▶ **Material for this exercise**
BEGIN
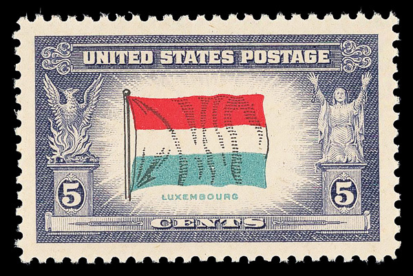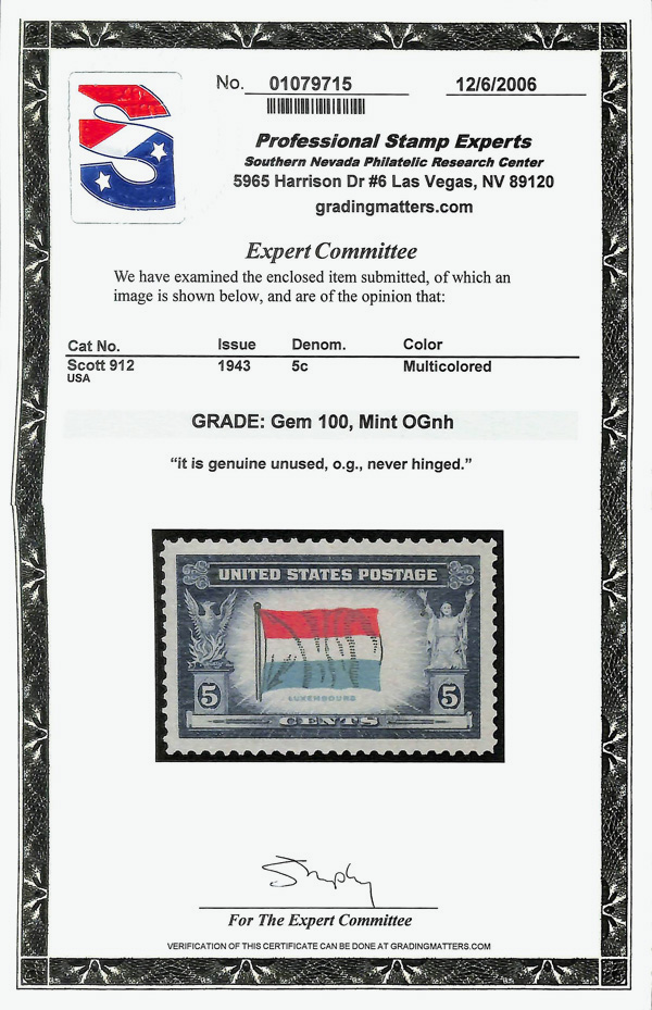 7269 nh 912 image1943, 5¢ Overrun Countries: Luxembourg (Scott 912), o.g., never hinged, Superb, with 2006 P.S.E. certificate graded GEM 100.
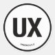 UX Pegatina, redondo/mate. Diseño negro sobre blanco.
END
BEGIN
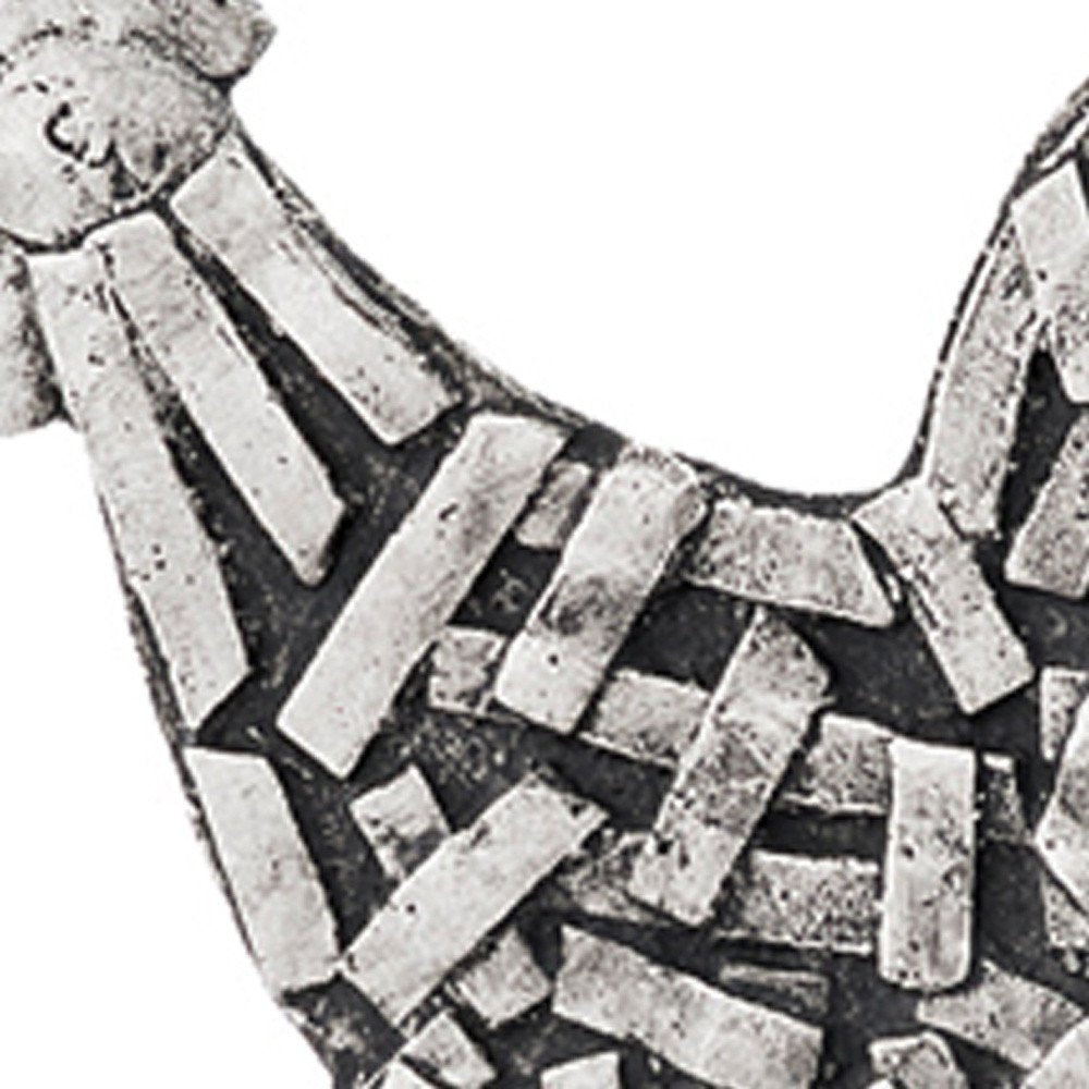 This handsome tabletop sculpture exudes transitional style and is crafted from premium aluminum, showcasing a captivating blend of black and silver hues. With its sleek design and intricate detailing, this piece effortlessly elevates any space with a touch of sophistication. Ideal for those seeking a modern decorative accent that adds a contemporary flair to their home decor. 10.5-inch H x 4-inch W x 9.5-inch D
END
▶ **Goal of the exercise**
To complete this exercise, transcribe exactly the lines above from the one that holds "7269 nh 912" through the one that holds "UX Pegatina, redondo/mate.". Pictures stay out.

▶ **Exercise result**
 7269 nh 912 image1943, 5¢ Overrun Countries: Luxembourg (Scott 912), o.g., never hinged, Superb, with 2006 P.S.E. certificate graded GEM 100.
 UX Pegatina, redondo/mate. Diseño negro sobre blanco.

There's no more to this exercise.